SACKVILLE, N.B. – RCMP are stepping up their enforcement on two traffic offences that are causing concern in the local area.
Const. John Depow of the Sackville RCMP said tinted windows and covered license plates on vehicles have become fairly prevalent, both locally and across the province, despite being offences under the New Brunswick Motor Vehicle Act.
He said he’s been lenient over the past few months on these violations, trying to educate motorists on this issue, by either giving warnings or voiding tickets when motorists have shown proof they’ve removed the tint from their windows or their covers from their license plates. But he plans to soon start ticketing drivers for these infractions.
In relation to tinted windows, the Motor Vehicle Act states: “No person shall operate on a highway a motor vehicle on which the front windshield or the side windows to the right or the left of the driver, have been treated, coated or covered with a colour spray or other coloured material or any opaque or reflective material in such a manner as to obstruct the driver’s clear view of the highway or any intersecting highway.”
Plastic plate covers, as well as the license plate frames that go around the edge of the plate, are also illegal, as they can obscure the letters and numbers on a plate. License plates are supposed to be clearly visible and in a condition to be clearly legible to a person on the highway in front or in rear of the vehicle.

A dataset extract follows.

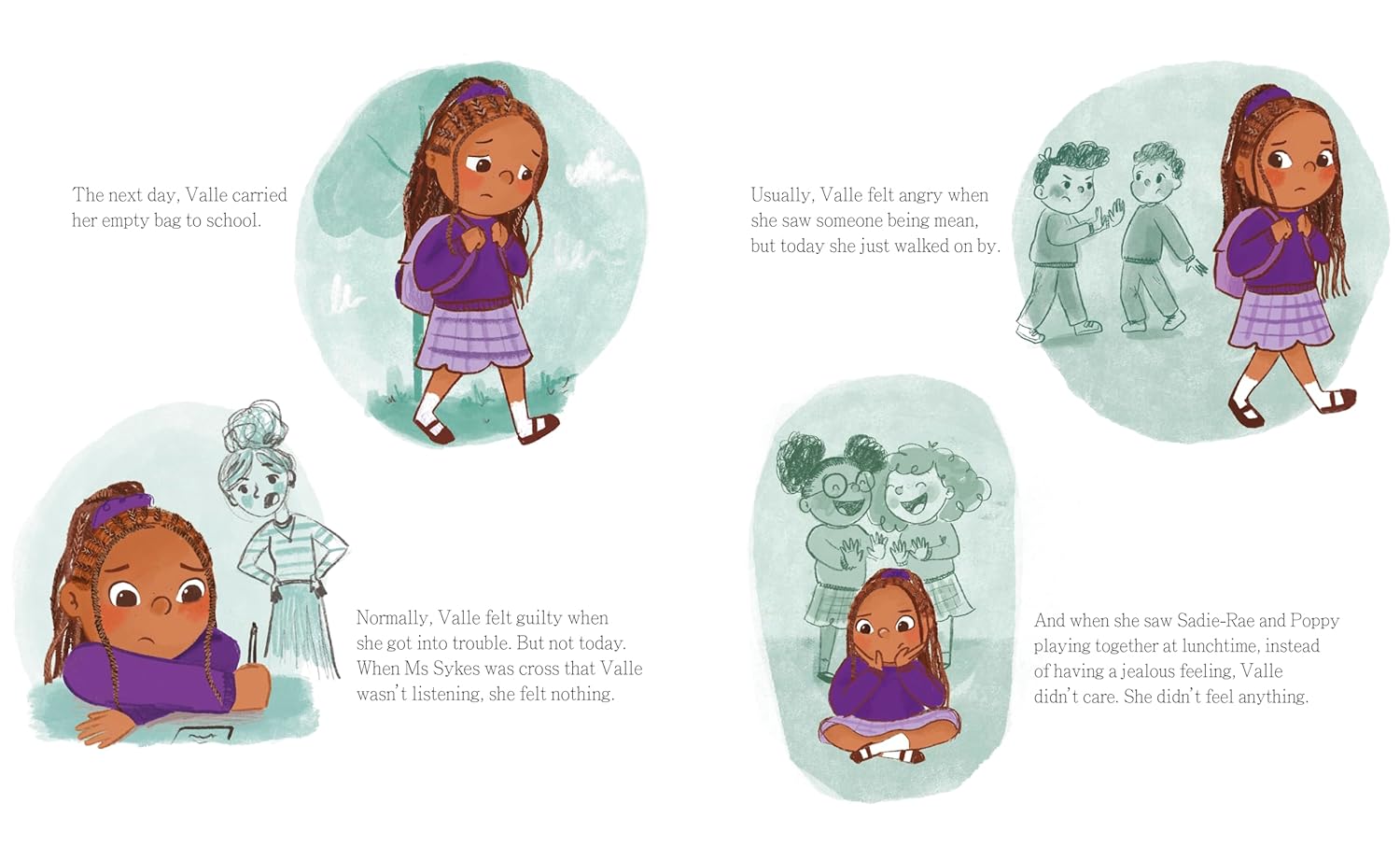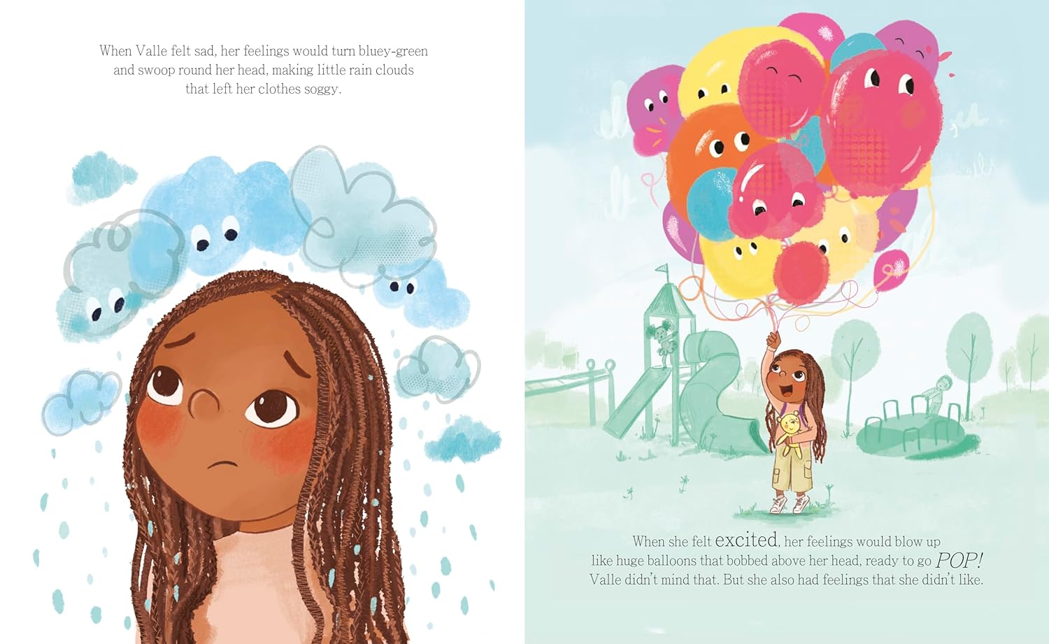 When she's happy her feelings float like red balloons above her head. When she's sad her feelings gather like grey rainclouds. And when she's jealous or angry they blow up like a wild storm.

Depow said if something were to happen, such as a hit and run, where someone is injured or killed, a possible witness or witnesses may not be able to get the plate number of the involved vehicle because it was obscured and not clearly legible. Or if someone in a vehicle was attempting to abduct a child, for instance, and the plate wasn’t legible, it would make it much more difficult to find them.

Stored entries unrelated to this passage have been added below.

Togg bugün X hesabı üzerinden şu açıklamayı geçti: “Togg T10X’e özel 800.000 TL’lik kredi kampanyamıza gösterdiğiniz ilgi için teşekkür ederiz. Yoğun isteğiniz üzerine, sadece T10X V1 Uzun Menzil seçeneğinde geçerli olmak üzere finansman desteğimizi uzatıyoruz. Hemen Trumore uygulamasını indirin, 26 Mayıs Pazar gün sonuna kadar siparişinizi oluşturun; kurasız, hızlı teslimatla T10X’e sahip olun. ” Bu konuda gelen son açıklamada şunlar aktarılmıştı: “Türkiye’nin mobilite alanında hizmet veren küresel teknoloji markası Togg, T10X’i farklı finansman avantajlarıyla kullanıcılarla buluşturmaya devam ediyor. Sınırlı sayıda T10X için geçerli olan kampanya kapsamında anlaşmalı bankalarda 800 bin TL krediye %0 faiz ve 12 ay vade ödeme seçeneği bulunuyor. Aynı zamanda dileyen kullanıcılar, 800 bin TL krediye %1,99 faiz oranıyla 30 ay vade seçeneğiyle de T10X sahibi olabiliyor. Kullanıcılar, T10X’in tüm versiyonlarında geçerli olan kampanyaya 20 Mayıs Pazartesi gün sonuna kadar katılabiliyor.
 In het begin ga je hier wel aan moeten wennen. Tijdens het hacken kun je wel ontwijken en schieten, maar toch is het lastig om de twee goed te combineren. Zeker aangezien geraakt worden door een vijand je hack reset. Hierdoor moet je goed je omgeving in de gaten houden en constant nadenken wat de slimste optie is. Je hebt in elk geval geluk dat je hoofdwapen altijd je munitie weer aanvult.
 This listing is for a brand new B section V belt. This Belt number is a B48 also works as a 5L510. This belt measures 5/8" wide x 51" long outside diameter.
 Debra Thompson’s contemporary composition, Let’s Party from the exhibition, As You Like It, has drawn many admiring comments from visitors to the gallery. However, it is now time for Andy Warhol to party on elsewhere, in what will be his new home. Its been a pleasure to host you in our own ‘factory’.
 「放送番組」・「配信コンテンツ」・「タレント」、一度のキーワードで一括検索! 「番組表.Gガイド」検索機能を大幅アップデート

Tinted windows are a problem for a similar reasons, in that it impedes witnesses from identifying the driver of the vehicle who may have committed the same sort of offences, which can make it difficult or impossible to lay a charge, said Depow.
He also pointed out that it’s a problem for police officers when they can not see into the vehicles because it prevents them from seeing if a driver is wearing their seatbelt, using a cellphone, or if any of the occupants may have some kind of weapon in their possession.
Depow said most vehicles now come with factory tint on them that is close to or right at the legal limit, so any material that is put on afterwards will put them over the legal limit - so it is recommended not to add any material to the front or side windows.